If I look closer at the Handles for WINWORD.EXE, I notice that this is one of many Temporary files open by Word, which implies that the problem we’re experiencing is very specific to one type of unexpected activity (and not just affecting Word’s handling of Temporary files):
image
(Note: I intentionally “hashed” out the original filename, which is the last entry in the list pictured.)

One other piece of information: I tried to resize the Window in which the active document was being displayed.  Word appended “(Not Responding)” to its Title Bar, and that seems to have changed the behaviour profile of the WINWORD.EXE thread.  Since that point in time, Process Monitor did not record any further increase in the size of the ~WRS1954.tmp file, but recorded one additional ReadFile operation on the WINWORD.EXE file itself (Offset: 3998720, Length: 4096).  [WINWORD.EXE File version = 11.0.8169.0, Digital signature timestamp = May 31, 2007 12:38:03 PM]

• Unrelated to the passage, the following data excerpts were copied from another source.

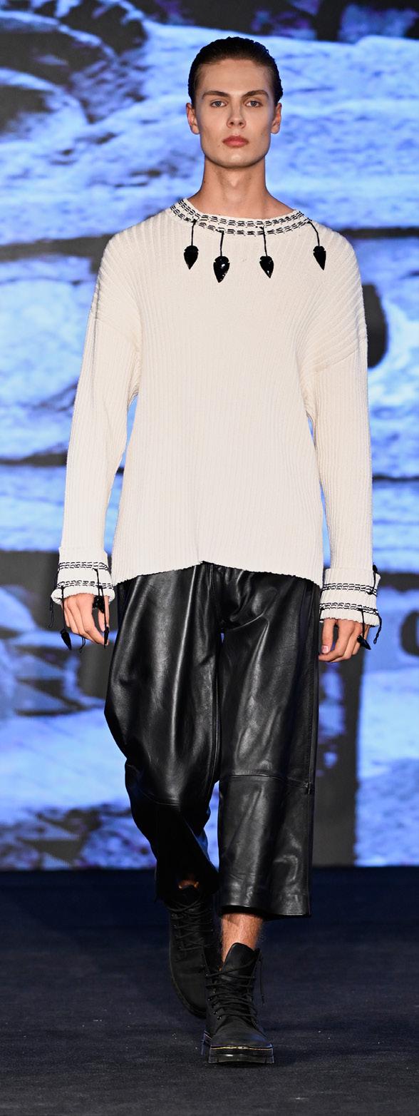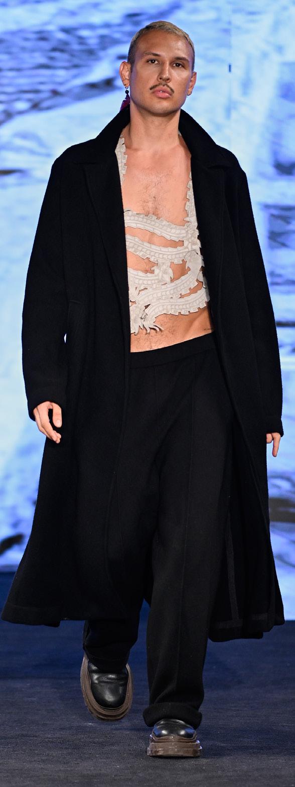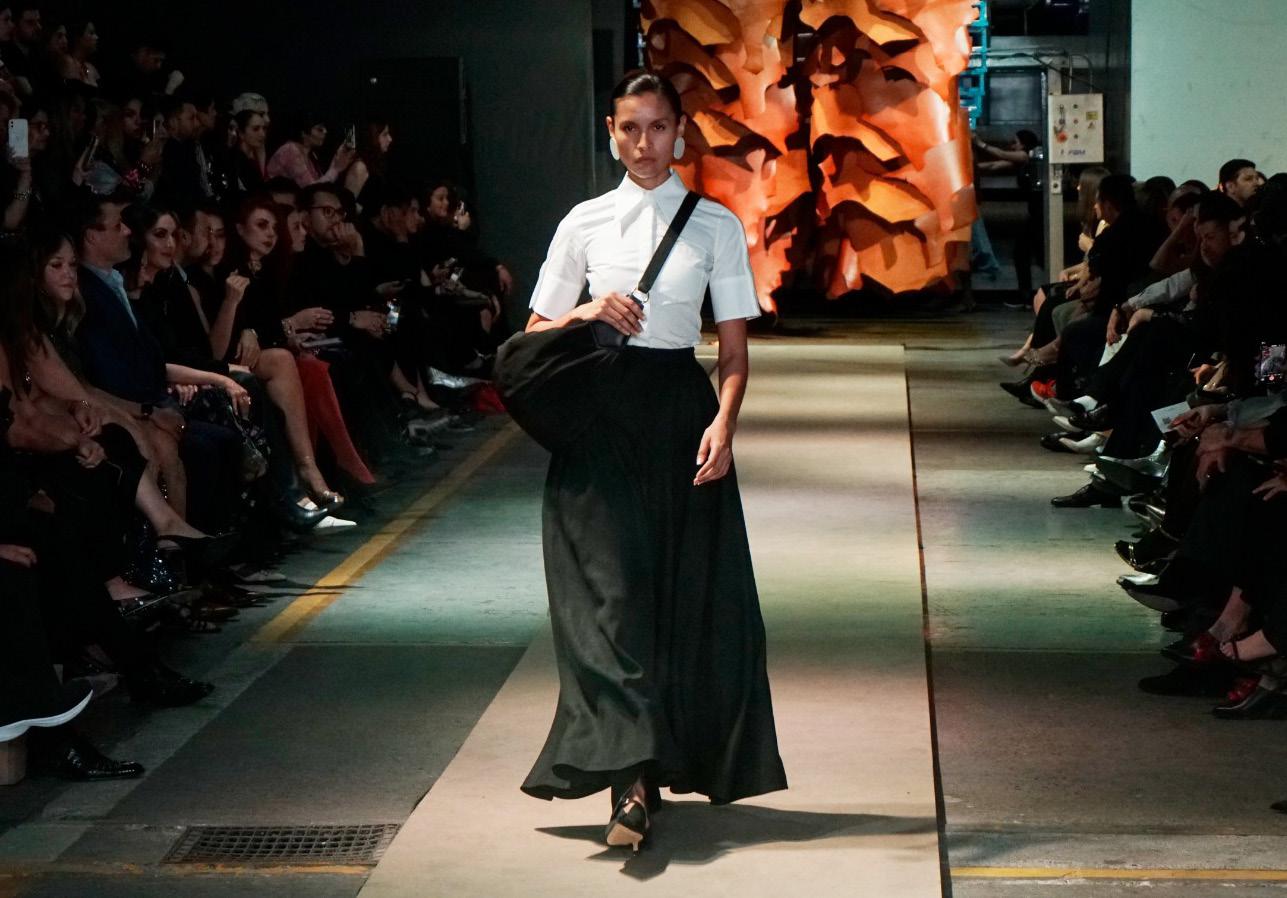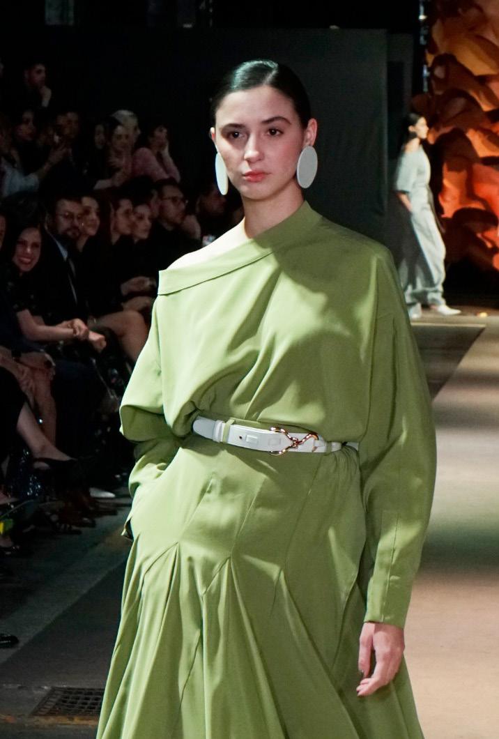 Por su parte Cynthia Buttenklepper quien crea colecciones controladas de piezas limitadas, utilizando remanentes textiles (dead stock fabrics) de alrededor del mundo, implementando métodos tradicionales, que rinden homenaje a la preservación de siluetas clásicas. Cynthia presentó su colección llamada “Nací como una mujer humano-animal” inspirada en la vida de Leonora Carrington, en la que experimenta, con la esencia de materiales y el imaginario, encontrando así un sitio en el que las siluetas dialogan con la figura humana. Construida en movimiento, las prendas envuelven al cuerpo con texturas y colores, encontrando belleza en lo poco común evocando una femineidad ambigua.
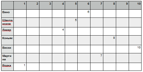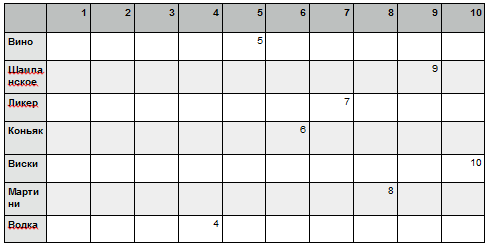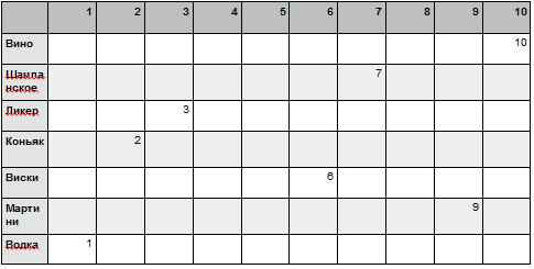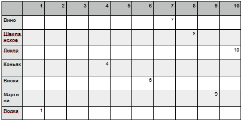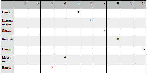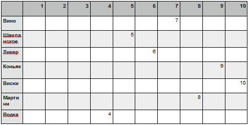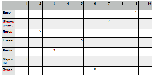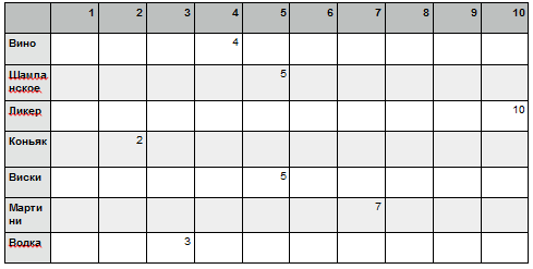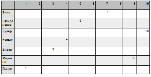 Значение шкал от 1 до 10. Где 1 это наименее приятный вам спиртной напиток,10 любимый напиток.
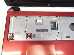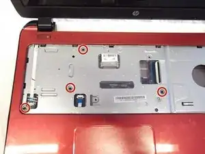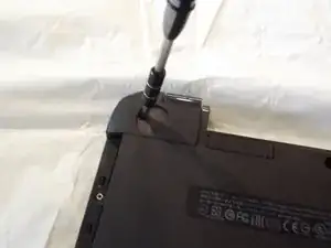 Удалите винт Phillips #1 длиной 4 мм, расположенный примерно в середине ноутбука, немного справа, рядом со значком дисковода.
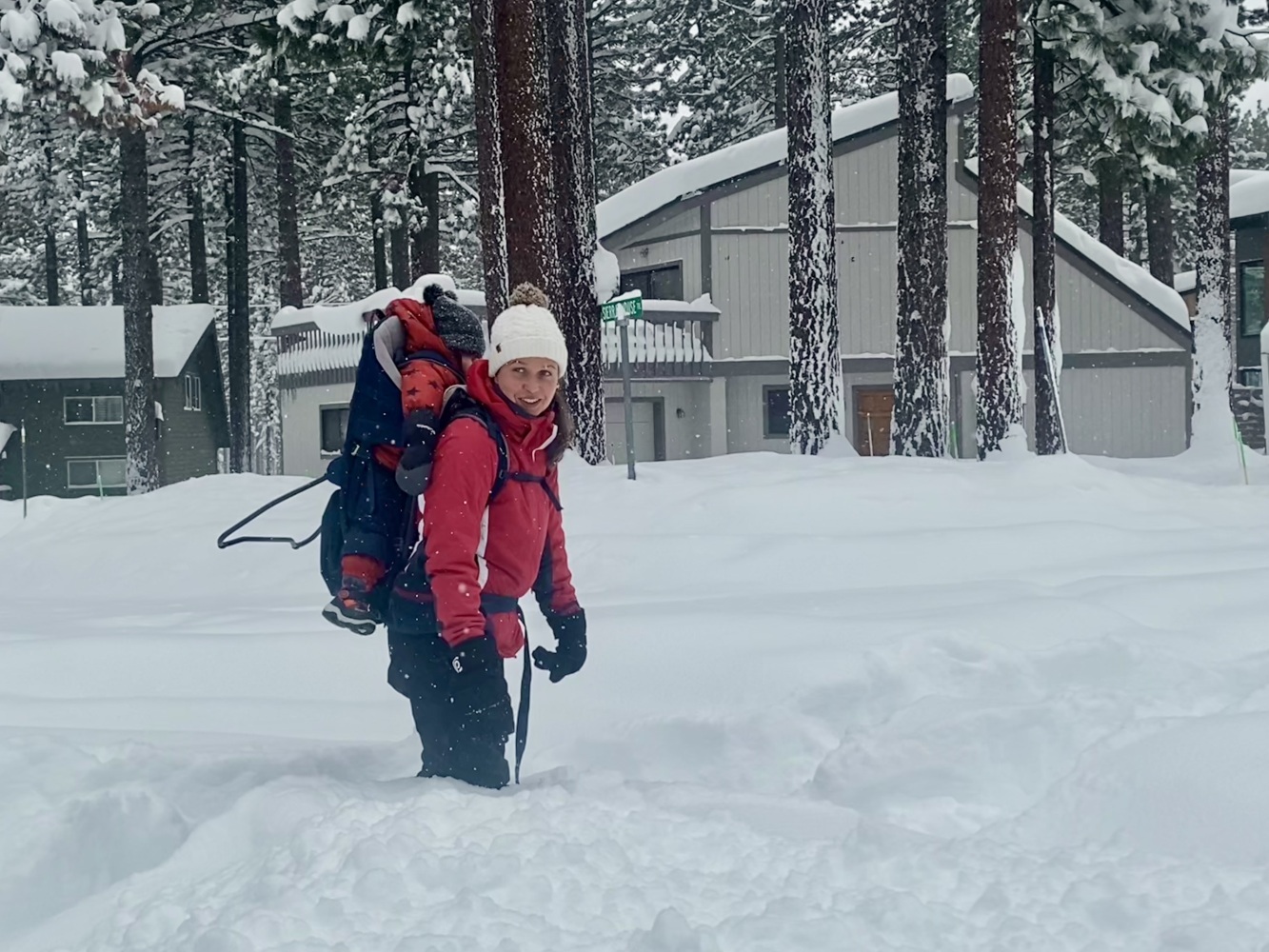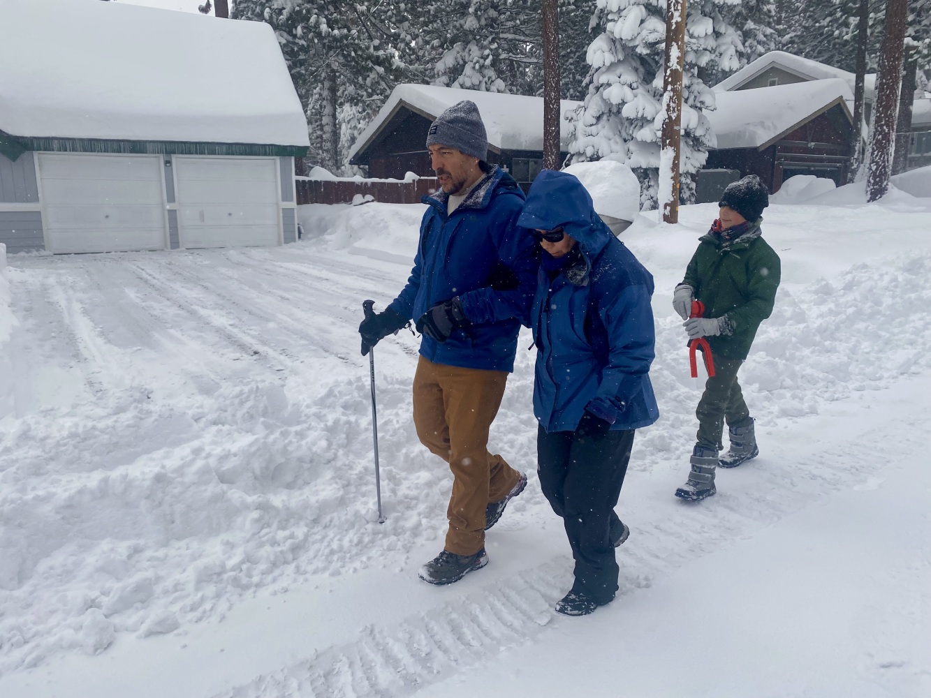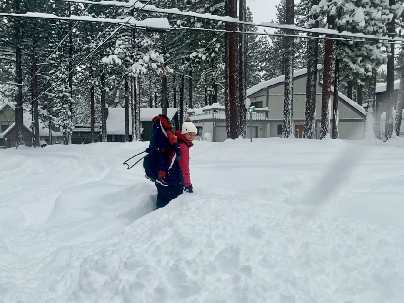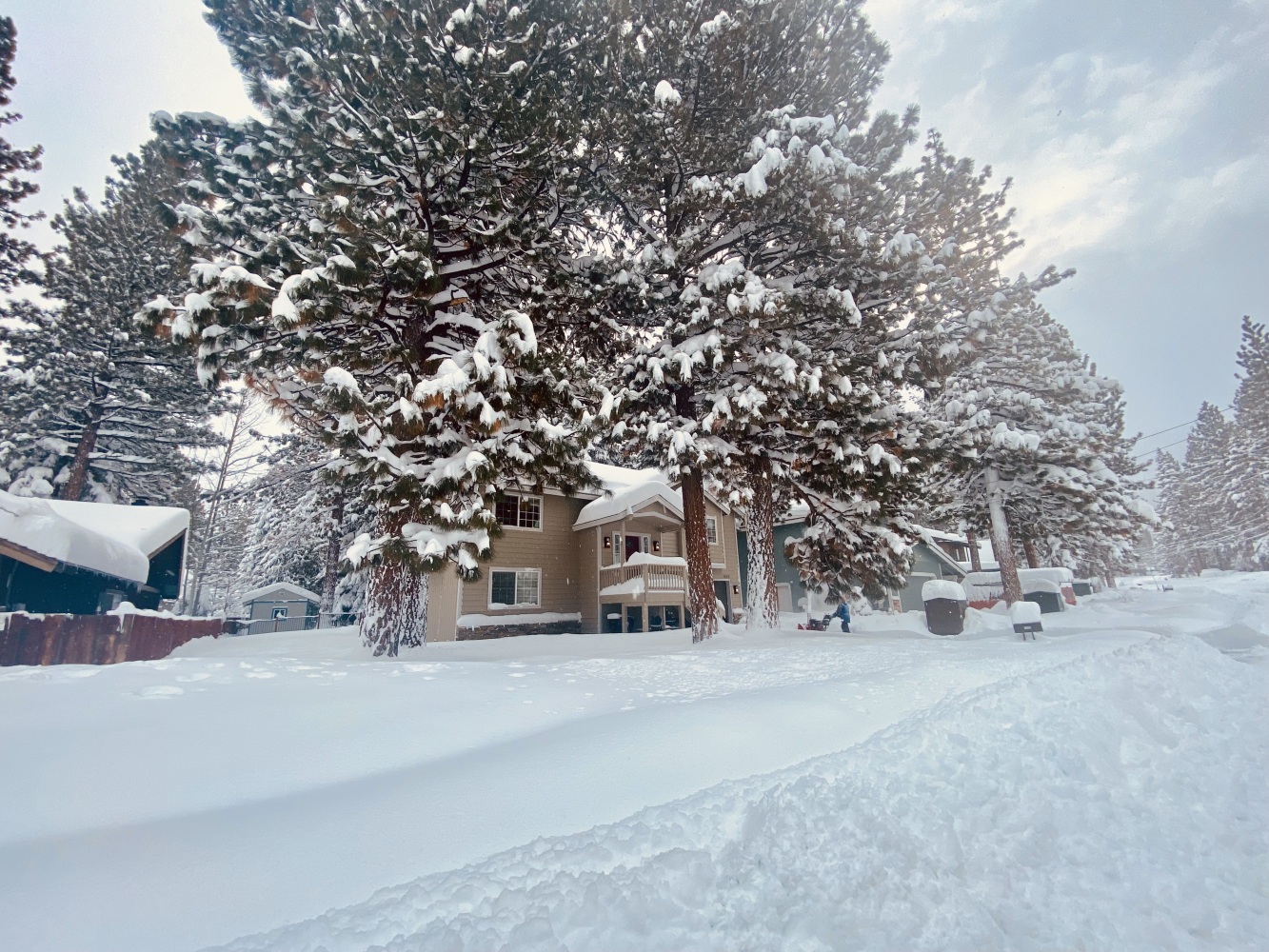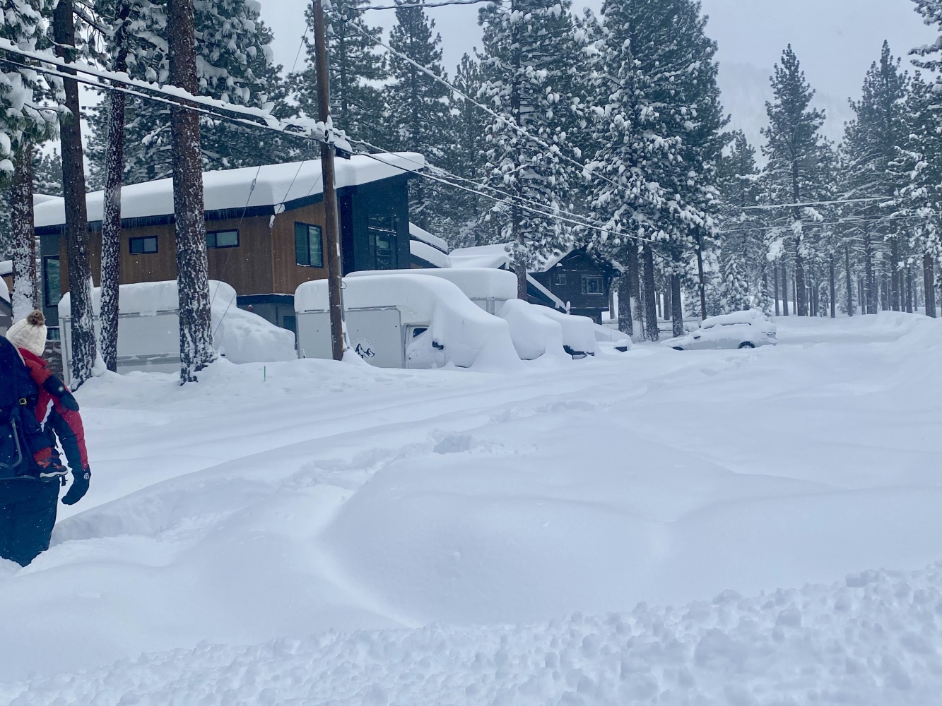 South Lake Tahoe’de Pazartesi öğle saatlerinden itibaren başlayarak 2,5 gün süren kar yağışı nihayet bu sabah durunca biz de kahvaltıdan sonra High Meadow’deki evden itibaren çevrede bir yürüyüş programı yaptık. Açılmış yollar dahi kar ve buzla kaplı iken yürümek kolay değildi. Bizden başka sadece birkaç kişi gördük ve bir de bir yaşlarındaki çocuğunu sırtında taşıyan genç bir anne. Bir süre daha devam ettik, derken bir noktada Ayşen kayıp kara oturunca yürüyüşe devam etmeyi bitirerek düşündüğümüzden daha önce evimize döndük.

Finally, I grabbed a full memory dump of the WINWORD.EXE process, using windbg.exe and the .dump /ma command.  I can’t say I know much about debugging a dump file, but I’ve got it on the off-chance that I ever find a good guide to debugging.

What Caused This?

Three circumstances I think contributed to this, though in my opinion none of them should lead to hung process (since I’ve done this more often without incident):

  1. I had opened a Word 2003 document directly from Outlook (it was attached to an email).
  2. The document had Track Changes enabled, and I’d already added Comments throughout the document.
  3. In the Comment I was just editing, it had scrolled off screen…
    image
    …and I had just attempted to apply formatting (I’d typed [Ctrl]-B and [Ctrl]-I rapidly,to bold and italicize) to a single word in the Track Changes panel below the document (the one that opens automatically when you keep typing in Comments that have already “scrolled off screen”).
     image
    (Note: I intentionally redacted the confidential text — but it sure ain’t artistic)

Caveat: While my experience with Word over the years has taught me that heavy use and abuse of the Comments feature leads to instability, I’m still miffed that I’d lose the recent batch of edits just because I’d foolishly tried to emphasize my point using basic formatting in a Comment.

So What Can We Conclude So Far?

I don’t know much about reading a stack trace, so this is all guesstimation on my part (plus a little intelligence gathered from a good Russinovich article).  The WINWORD stack indicates that Word has called ntkrnlpa.exe aka the Windows kernel.  It looks like it’s basically stalled (KiDispatchInterrupt) while creating a new thread (KiThreadStartup).  Looking lower in the stack, the first caller in WINWORD is labelled only “0x1a772b” — whatever that is, it’s beyond my skills to unearth the identity of that API.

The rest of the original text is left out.